Thresholding and Clustering:

  • Added factor_thresholding_H_regression with options:
    • otsu_thresh
    • coord_desc_thresh
    • kmeans_thresh
  • Default factor_thresholding_H_regression set to kmeans_thresh.
  • Default factor_thresholding set to otsu_thresh.
  • Introduced factor_thresholding_H_regression_obj_params to configure parameters.
  • Added K-means-based boolean thresholding for W and H matrices:
    • Clusters values in each row of W and H into two groups; then the boolean threshold is the midpoint of cluster centroids.

Hardware and Device Management:

  • Added device parameter to NMFk for GPU management:
    • device=-1: Use all GPUs.
    • device=0: Use the GPU with ID 0.
    • device=[0,1,...]: Use a specific list of GPUs.
    • Negative values other than -1: Use (number of GPUs + device + 1).

Hierarchical NMFk (HNMFk) Improvements:

  • Added new variables for nodes:
    • parent_node_factors_path
    • parent_node_k
    • factors_path
  • Enabled dynamic renaming of paths when loading HNMFk models from different directories.
  • Improved decomposition behavior:
    • Nodes with fewer samples than the sample threshold no longer decompose unnecessarily.
  • Added signature, centroid, and probabilities from parent nodes to child nodes.
  • Introduced graph iterator methods for navigating to specific nodes by name.
  • Updated node naming conventions to use ancestor-based indexing.

Result Storage:

  • Added W_all to saved outputs of NMFk.

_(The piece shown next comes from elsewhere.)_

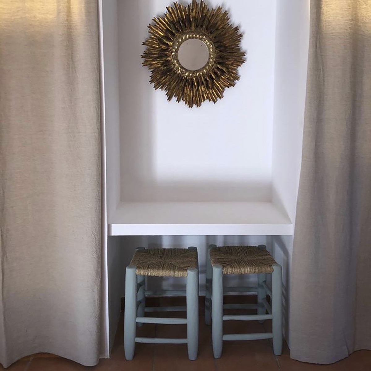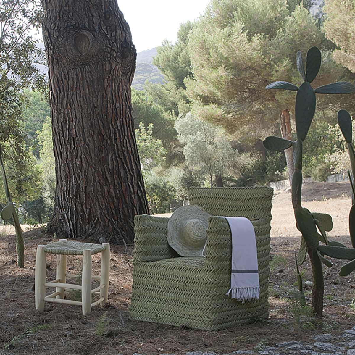 Por su belleza y ligereza, por su nobleza, por su maleabilidad para esculpir en él, en Let’s Pause amamos el álamo blanco. Por eso tenemos más de quince productos cincelados en su madera. Galanes, percheros, tumbonas, canapés, sillas, mesas bajas, taburetes, escritorios, apliques, cabezales… Cuando algo te seduce completamente es imposible no imaginarlo en todas partes, embelleciendo todo su entorno. Las palmas se cortan con una hoz pequeña fabricada especialmente para este propósito. Se amontonan y se atan en gavillas para su transporte. Se extienden al sol para secarlas y olvidan su color verde para adoptar el pajizo tan característico.El secado de las hojas hace imposible su manipulación, al trenzarlas se romperían. Es preciso escaldarlas y volverlas a secar para recobrar la elasticidad.Para obtener la hoja con la que tejer es preciso cortar los trozos de tallo que sostienen los grupos de hojas de múltiples capas. Hay que separar las hojas, una a una. Una vez individualizadas, no todas servirán. Solo las más bellas se convertirán en brins, la materia prima con la que tejer. Los brins se trenzan formando ristras estrechas de distintos centímetros de ancho, según la pieza a confeccionar. Estas llatas deben secarse al sol unos días hasta que estén listas para ser cosidas.El último paso, el más delicado, el que requiere de unas manos expertas y sabias. Es aquí donde se aprecia la valía de la artesana, que queda impregnada para siempre en los bellos objetos que teje y confecciona.

Installation and Documentation

  • Migrated to a new installation system using pip and Poetry.
  • Added a post-installation script for simplifying setup on different systems.
  • Updated documentation for:
    • New installation methods on Chicoma and Darwin.

Bug Fixes

  • Corrected HNMFk behavior to return total data indices instead of indices of indices.
  • Corrected naming inconsistencies in pruning variables in NMFk.
  • Fixed error calculation to consider only known locations when masking is applied.
  • Resolved GPU transfer conflicts when using MASK.
  • Fixed default device parameter in NMFk to be -1 (use all devices).
  • Addressed issues in WNMFk and BNMFk examples.
  • Fixed checkpointing bugs:
    • Made saving checkpoints true by default.
    • Resolved issues when loading an HNMFk model during an ongoing process.
  • Fixed scalar addition error with sparse matrices in kl_mu.
  • Resolved dependency conflicts with numpy and numba.
  • Updated HPC documentation for T-ELF installation.